At NASSCO in San Diego, they have begun cutting steel for a new Navy oiler, T-AO-206, to be named the USNS Harvey Milk. When completed it will be the second of the John Lewis class of underway replenishment oilers, operated by the Military Sealift Command to support ships of the United States Navy. 

Raised in a Navy family, Harvey Milk joined the US Navy in 1951 during the Korean War. He served aboard the submarine rescue ship USS Kittiwake (ASR-13) as a diving officer. He was later transferred to San Diego to serve as a diving instructor. Then in 1955, he was forced to resign from the Navy for being a homosexual. He held the rank of lieutenant, junior grade.

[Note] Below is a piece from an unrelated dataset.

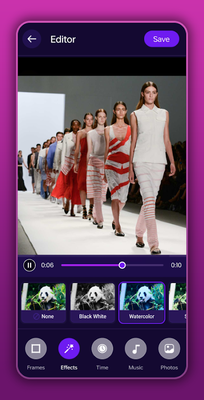 ✔ Customize your videos with transition effects, frames, and more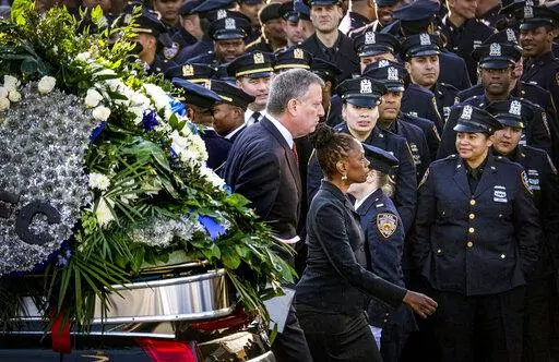 He spoke critically of the officers but largely held off any department punishments until a lengthy federal civil rights investigation concluded. Later that year, when a disturbed gunman angry about police killings of unnamed Black men fatally shot two NYPD officers, the head of the city’s largest police union said the mayor had “blood on his hands,” and officers turned their backs on the mayor as he spoke at police funerals.

Milk would go on to become the first openly gay elected official in the history of California, where he was elected to the San Francisco Board of Supervisors in 1977.  On November 27, 1978, Supervisor Harvey Milk and San Francisco Mayor George Moscone were shot and killed in San Francisco City Hall by an ex-supervisor. When Milk was shot he was wearing his U.S. Navy diver’s belt buckle.

Naming a ship after Milk, “will further send a green light to all the brave men and women who serve our nation that honesty, acceptance, and authenticity are held up among the highest ideals of our military,” said Milk’s nephew Stuart Milk in a statement to San Diego LGBT Weekly in 2012. 

San Francisco is known as a gay-friendly city. Paradoxically, some credit the Navy’s World War I “blue discharge” practice, which discharged known homosexuals in port cities for helping to create a gay community in San Francisco.

All ships of the John Lewis class are to be named after civil rights leaders. Subsequent ships are to be named after Chief Justice Earl Warren, U.S. Attorney General Robert F. Kennedy, women’s rights activist Lucy Stone, and abolitionist and women’s rights activist Sojourner Truth.